_Task details:_ Produce the lines from the one containing "ត្រូវ​រៀន​ធ្វើ​ជា​កសិករ ទើប​មានទ្រព្យ​ត​ទៅ​ខាង​ក្រោយ ។" through the end of the material exactly as they appear, both ends included, and leave the pictures out.

_Given material:_
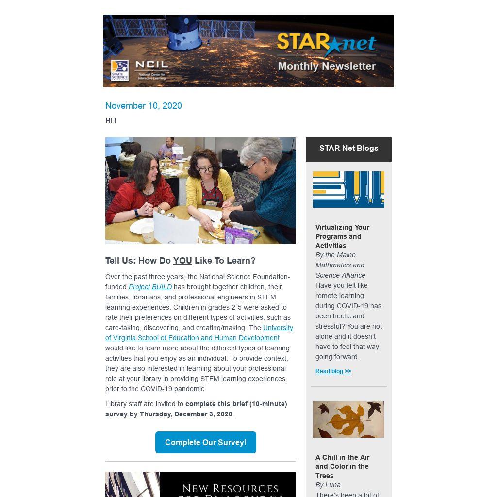 The STAR Library Network (STAR Net) is a hands-on learning network for libraries and their communities across the country. STAR Net focuses on helping library professionals build their STEM skills by providing “science-technology activities and resources” (STAR) and training to use those resources.
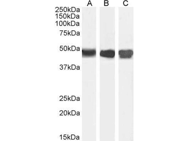 Western Blot: Approx 45 kDa band observed in lysates of cell lines A431 and NIH3T3 and approx.48 kDa in Human and Rat Kidney and in Mouse Liver lysates (calculated MW of 46.5 kDa according to Human NP_000041.2 and Rat NP_037289.1, and 46.6 kDa according to
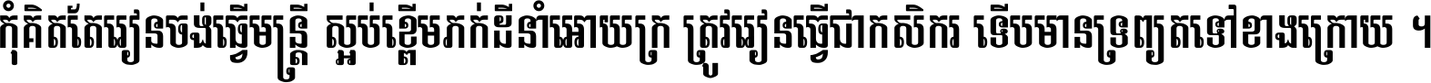 កុំ​គិត​តែ​រៀន​ចង់ធ្វើ​មន្ត្រី ស្អប់​ខ្ពើម​ភក់ដី​នាំអោយ​ក្រ ត្រូវ​រៀន​ធ្វើ​ជា​កសិករ ទើប​មានទ្រព្យ​ត​ទៅ​ខាង​ក្រោយ ។
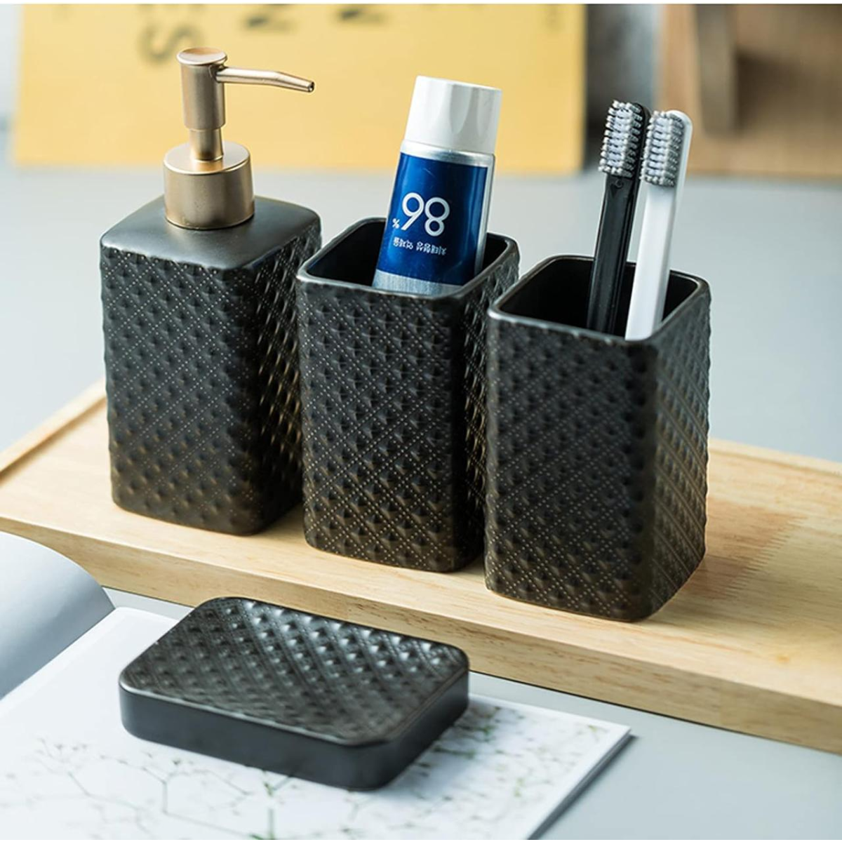 Комплект керамічних аксесуарів для ванни: дозатор, мильниця, стакани Чорного кольору

_Answer space:_
 កុំ​គិត​តែ​រៀន​ចង់ធ្វើ​មន្ត្រី ស្អប់​ខ្ពើម​ភក់ដី​នាំអោយ​ក្រ ត្រូវ​រៀន​ធ្វើ​ជា​កសិករ ទើប​មានទ្រព្យ​ត​ទៅ​ខាង​ក្រោយ ។
 Комплект керамічних аксесуарів для ванни: дозатор, мильниця, стакани Чорного кольору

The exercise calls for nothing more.